0
votes

In pyspark I have a data frame composed of two columns

Assume the details in the array of array are timestamp, email, phone number, first name, last name, address, city, country, randomId

+-------------------------+---------------------------------------------------------------------------------------------------------------------------------------------------------------------------------------------------------------------------------------------------------------------------------------------------------------------------------------------------------------------------------------------+
| str1                    | array_of_str                                                                                                                                                                                                                                                                                                                                                                                |
+-------------------------+---------------------------------------------------------------------------------------------------------------------------------------------------------------------------------------------------------------------------------------------------------------------------------------------------------------------------------------------------------------------------------------------+
| random column data1     | [[‘2020-01-26 17:30:57.000 +0000’, ’’, ‘728-802-5766’, ‘’, ‘’, ‘7th street crossroads’, ‘seattle’, ‘’, ‘randomId104’], [‘2019-07-20 20:54:57.000 +0000’, ’[email protected]’, ‘728-802-5766’, ‘Katuscha’, ‘’, ‘’, ‘’, ‘us’, ‘randomId225’], [‘2015-12-04 04:54:57.000 +0000’, ’[email protected]’, ‘728-802-5766’, ‘’, ‘Othen’, ‘7th street crossroads’, ‘seattle’, ‘’, ‘randomid306’]]|
| random column data2     | [[‘2021-01-30 17:30:04.000 +0000’, ’[email protected]’, ‘313-984-9692’, ‘’, ‘’, ‘th street crossroads’, ‘New york’, ‘us’, ‘randomId563’], [‘2018-05-15 20:44:57.000 +0000’, ’[email protected]’, ‘’, ‘Marianne’, ‘Allmann’, ‘’, ‘’, ‘us’, ‘randomId884’]]                                                                                                                                |
+-------------------------+---------------------------------------------------------------------------------------------------------------------------------------------------------------------------------------------------------------------------------------------------------------------------------------------------------------------------------------------------------------------------------------------+

I am expecting output data frame like below

+-------------------------+------------------------------------------------------------------------------------------------------------------------------------------------------+
| str1                    | array_of_str                                                                                                                                         |
+-------------------------+------------------------------------------------------------------------------------------------------------------------------------------------------+
| random column data1     | [‘2020-01-26 17:30:57.000 +0000’, ’[email protected]’, ‘728-802-5766’, ‘Katuscha’, ‘Othen’, ‘7th street crossroads’, ‘seattle’, ‘us’, ‘randomid306’] |
| random column data2     | [‘2021-01-30 17:30:04.000 +0000’, ’[email protected]’, ‘313-984-9692’, ‘Marianne’, ‘Allmann’, ‘111th Ave NE’, ‘New york’, ‘us’, ‘randomId884’]      |
+-------------------------+----------------------------------------------------------------------------------------------------------------------------------------------------- +

optional :- existing data in array of array might not be already sorted at decreasing timestamp order.

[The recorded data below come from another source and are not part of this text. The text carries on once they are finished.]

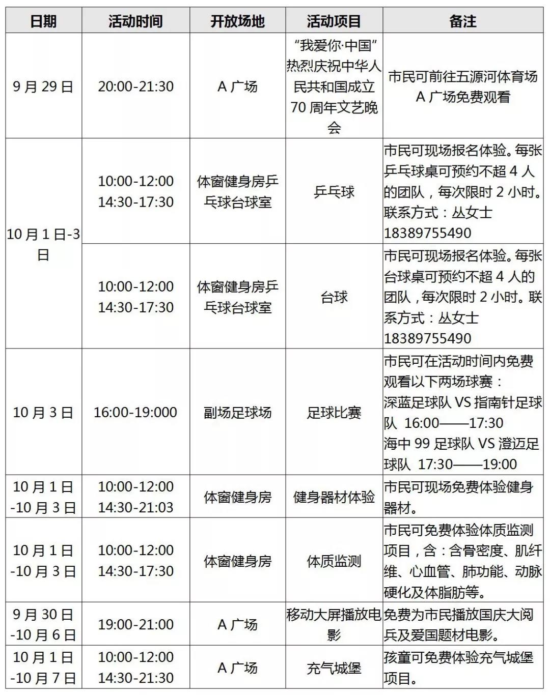 3、迷你高尔夫,日期:2019/10/03,时间:18:00-19:00,收费:98元/位,地点:球道草坪。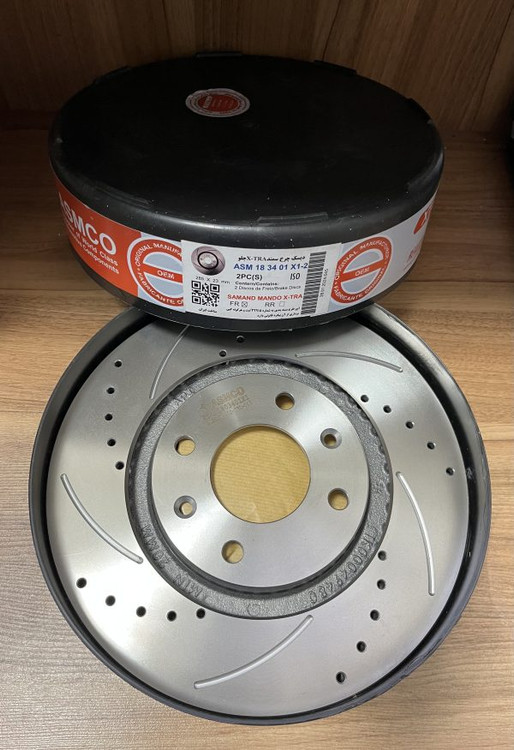 دیسک چرخ جلو سوراخ دار سمند دنا از سوی شرکت آسمکو تولید شده است. این شرکت، یک شرکت ایرانی معتبر در زمینه تولید دیسک ترمز و سایر لوازم جانبی خودروها است که از بهترین متریال ها و فلزات برای ساخت این دیسک ها استفاده می کند.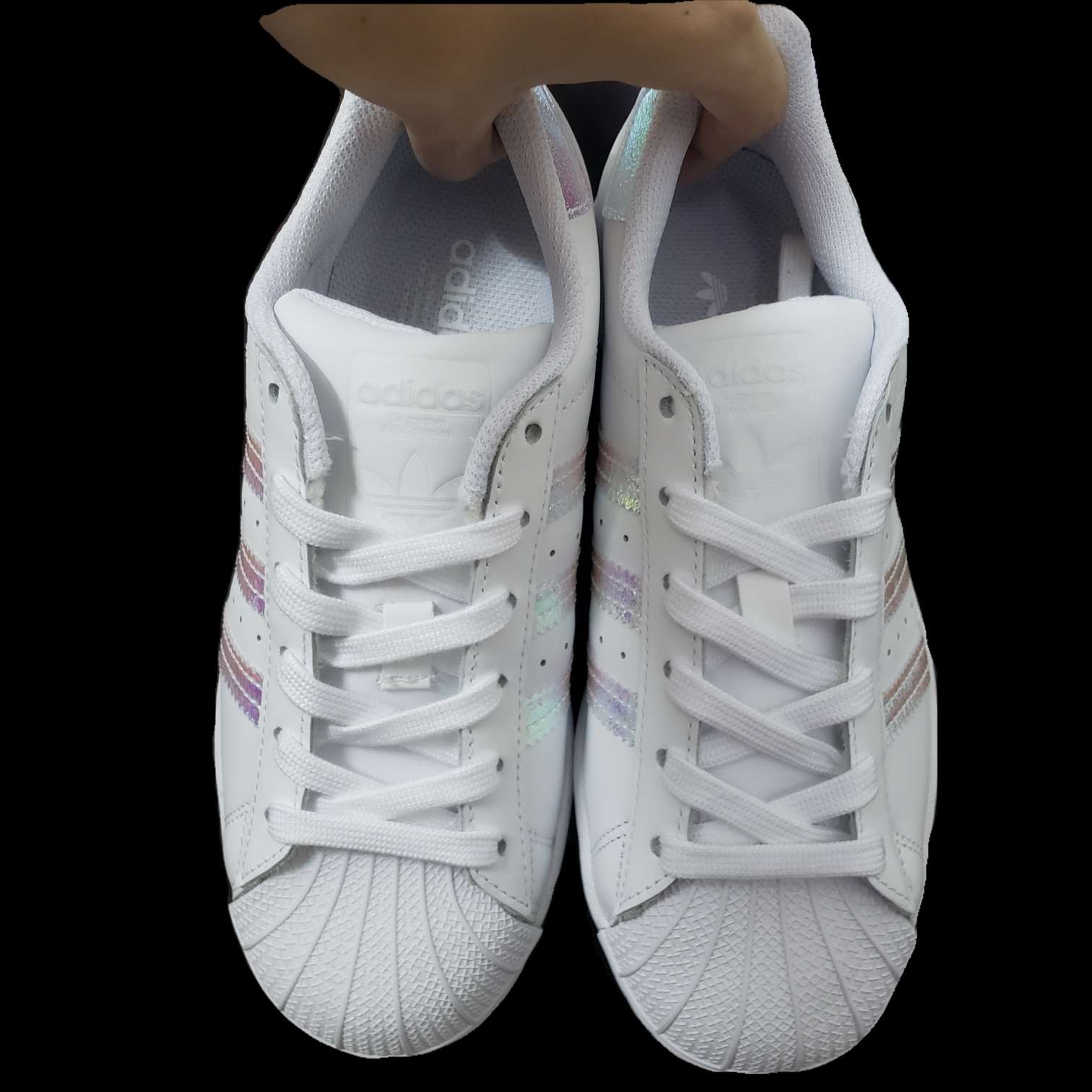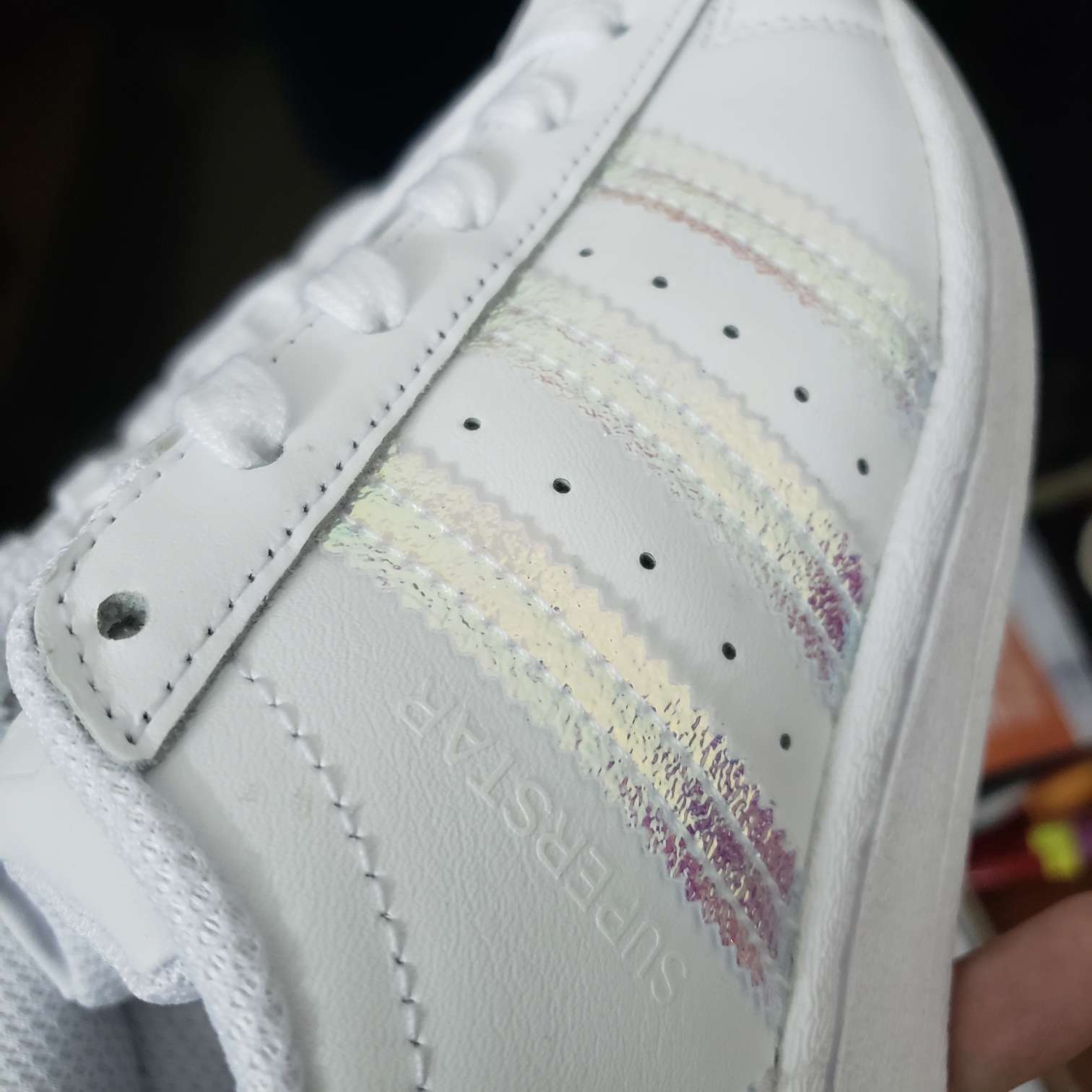 今天开箱这双只有女码的adidas originals superstar镭射。 鞋盒就是普通的蓝色鞋盒。镭射炫彩的侧边三道杠,后跟的一整块也是镭射设计,穿上就有一种时尚感,招牌橡胶贝壳头设计,永恒的经典。贝壳头的穿上就是舒适,它不软,但绝对不硬,刚刚合脚那种感觉,而且百搭,适合所有天气。 最近打折所有尺码价格都是270左右,对于一款经典且百搭的鞋子来说价格可以说非常低,喜欢的这款鞋的女生就别...

How do I sort the array of array in decreasing timestamp order

Here I am planning to write a udf to pull latest non null (timestamp, email, phone number, first name, last name, address, city, country) data from array of array. In case of randomId, I will always pull the randomId associated with the oldest record in the system.

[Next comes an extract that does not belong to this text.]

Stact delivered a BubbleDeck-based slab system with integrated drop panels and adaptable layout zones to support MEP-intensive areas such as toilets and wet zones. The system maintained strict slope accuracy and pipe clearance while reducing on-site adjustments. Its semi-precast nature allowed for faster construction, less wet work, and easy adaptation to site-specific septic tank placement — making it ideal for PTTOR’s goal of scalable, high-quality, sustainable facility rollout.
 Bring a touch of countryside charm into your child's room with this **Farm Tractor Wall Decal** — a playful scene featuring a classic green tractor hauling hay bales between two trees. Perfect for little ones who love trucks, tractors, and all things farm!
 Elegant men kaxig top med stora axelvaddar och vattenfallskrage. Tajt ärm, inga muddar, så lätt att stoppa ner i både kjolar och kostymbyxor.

example:- for random column data1 emailId i.e. [email protected] is getting populated from second element in the array since the first one is having empty email id. similar is the case with other columns. In case of randomid randomid306 for first record is the oldest entry so its populated in my output data frame.

In the udf

  1. How do I sort the array of array elements in descending timestamp order? - kind of an optional step

  2. How do i iterate over the array of array column in the data frame?

3)How to access individual items on the array in a udf?

like in the case of python we can iterate over list of list elements like

for item in items:
   print(item[0], item[1])

how can I achieve similar thing for array of array columns in pyspark?

can I do above steps in pyspark by not converting the data to pandas dataframe?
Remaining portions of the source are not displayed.